Les sorties scolaires, c'est ce que je préférais. Et avec le Pays de Galle, j'étais servie en ce qui concerne les châteaux à visiter. Tout cela constituait pour moi une pré-visite avant d'habiter à Paris. Paris... Amir... Je ne devais pas y penser. C'est ce que je me répétais de plus en plus ces derniers temps.

Habibi... Habibi... Habibi

C'était tout nouveau pour moi, tout ça. Et tout ça, allait se terminer rapidement. Comme un rêve dont on avait l'impression qu'il s'était déroulé pendant une bonne journée alors qu'il n'avait duré qu'une trentaine de minutes. Le Printemps venait à peine d'arriver et on devait déjà se dire au revoir. Pourquoi ne nous étions pas connus plus tôt ? On aurait pu passer
beaucoup plus de temps ensemble à discuter, s'asseoir à la même table pour manger, faire nos devoirs à la bibliothèque, s'asseoir dans les gradins du terrain de l'école en discutant sans nous concentrer sur le match qui se jouait devant nous. Profiter des soirées organisées par
l'internat pour nous rapprocher.

Tandis que le bus scolaire traversait doucement la plaine verdoyante de la région, je me laissais plonger dans ce paysage qui était le plus romantique qu'il m'ait été donné de voir. Je
m'imaginais dans un de ces livres de Jane Austen.

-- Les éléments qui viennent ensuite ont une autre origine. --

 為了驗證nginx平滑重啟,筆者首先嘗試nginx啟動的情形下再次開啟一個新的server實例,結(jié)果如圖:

Le bus arrivait devant l'imposant manoir de Braewood Castle voisin de notre école. Ceux qui étaient friands de sieste dans le bus devaient sortir de leur longue léthargie. Et ceux qui étaient déjà bien agités dans le transport devaient à présent se calmer sous le regard menaçant de nos trois professeurs accompagnateurs.

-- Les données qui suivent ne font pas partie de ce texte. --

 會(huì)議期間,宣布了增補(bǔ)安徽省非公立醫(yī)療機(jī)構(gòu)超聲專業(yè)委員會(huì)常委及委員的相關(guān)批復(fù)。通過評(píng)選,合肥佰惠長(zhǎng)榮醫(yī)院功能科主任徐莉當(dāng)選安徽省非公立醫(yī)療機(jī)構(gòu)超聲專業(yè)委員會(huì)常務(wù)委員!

Tous les élèves de year thirteen devaient visiter le domaine avant la fin de l'année scolaire. Amir m'avait dit que sa classe le visiterait également aujourd'hui, mais dans l'amas des élèves en uniforme, je ne le distinguais pas dans la masse. Ni parmi les élèves qui descendaient des deux autres bus garés dans la cour du château.

Je n'eus pas le temps de contempler davantage le paysage ou de guetter la grande silhouette d'Amir que déjà les professeurs nous attiraient à l'intérieur pour commencer la visite.

Je n'en étais pas à mon premier château, mais celui-ci avait un je-ne-sais-quoi qui me poussait à m'évader encore et encore. La lecture avait toujours été pour moi l'évasion par excellence. C'était ma passion, sans pour autant oublier la vie réelle. C'est grâce aux livres que j'avais voyagé, compris le cœur de l'Homme, était tombée amoureuse pour la première fois... Enfin... l'idée qu'on se faisait de l'amour parce qu'avec Amir c'était loin d'être de la fiction.

Dans ce château datant du dix-huitième, j'étais dans mon élément. Carnet en main, tentant de
respecter scrupuleusement les consignes de mes professeurs. Nous étions par petit groupe en train de noter tout ce qui était important lors de notre visite. Je me surprenais à plus admirer ce qui m'entourait qu'à réellement prendre au sérieux ce devoir.

— On a fini pour ce couloir, lança alerte Alice, la meneuse de notre groupe de travail. On passe à la galerie des sculptures.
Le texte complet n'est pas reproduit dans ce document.